На Кота даже смотреть холодно. Костюм тонкий, Нуар — глупый и торопливый, и щёки и нос у него закономерно раскрасневшиеся. И ещё руки дрожат, но он это пытается скрыть, поправляя безнадёжно растрёпанные волосы. Прыжки по крышам Парижа в ветреный осенний день — не тот случай, когда от движений становится теплее, но Кот разве послушает?
Чуть подумав, она протягивает Нуару свой чай. Ему нужнее.
— Как патруль?
— Замечательно, — довольно тянет Кот, перевешиваясь через спинку и принимая угощение. В зелёных глазах вспыхивают искорки, когда он принюхивается, уловив мятный аромат. — Мы так давно с Ледибаг не проводили время вместе, и сегодня мы патрулировали центр вдвоем и… Ой. Ты спрашивала про обстановку в городе, да?..
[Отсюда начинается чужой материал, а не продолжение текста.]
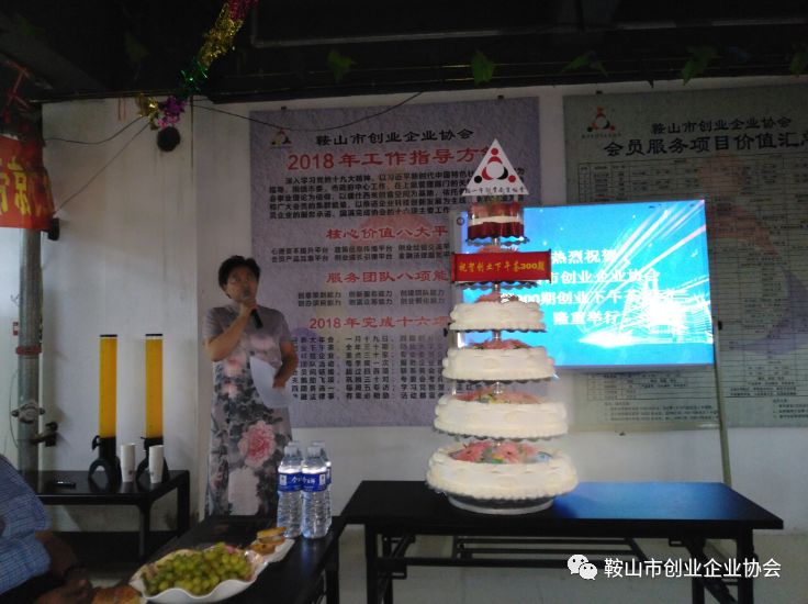 2018年8月23日鞍山市创业企业协会《创业下午茶300期》座谈会圆满举行 8月23日是不平凡的周四,创业协会第300期《创业下午茶》如期举行。70多位家人到场参与了具有里程碑意义的第300期下午茶。会场周围大型会标鲜艳醒目,六层塔型蛋糕矗立在会场前台。活动在下午2:00在协会准时开始。活动由张立新会长主持。
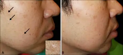 - ↑ Strauss JS, Krowchuk DP, Leyden JJ, Lucky AW, Shalita AR, Siegfried EC, Thiboutot DM, Van Voorhees AS, Beutner KA, Sieck CK, Bhushan R (April 2007). "Guidelines of care for acne vulgaris management". Journal of the American Academy of Dermatology. 56 (4): 651–63. doi:10.1016/j.jaad.2006.08.048. PMID 17276540.

Маринетт заливисто смеётся. Нуар отворачивается к окну, пробуя чай и очень упорно делая вид, что ни в коем случае не смущён. Но долго сохранять невозмутимое лицо не получается: чай оказывается слишком горячим, и Кот с видом только что пережившего ужасное предательство человека ставит его на подоконник.
— Кстати, — бросает через плечо он, — а чего у тебя бардак на балконе?
— Бардак?
— Ага, лежак перевёрнут и чайник с чашками валяются. Я ж поэтому в окно полез, испугался, что ты опять пошла разносить город.
— Кот!
Нуар ловит лицом метко брошенную подушку и шипит не хуже любого настоящего кота. Вот ведь тебе на: перед Адрианом заикается и краснеет, а в него прицельно метает подушки. Ещё и больно метает, между прочим.
— Шучу-шучу, — поспешно поднимает руки Кот, боясь, что Мари найдёт что-нибудь ещё, чем можно в него метнуть (а она найдёт, они это проходили). — Ну, а бардак-то почему?
— А, так это из-за того вчерашнего акумы…
Кот вздрагивает и тут же подкатывается ближе, беспокойно глядя на подругу.
— До тебя тоже добрался?
Маринетт слышит в его голосе нотки вины и чувствует себя виноватой тоже.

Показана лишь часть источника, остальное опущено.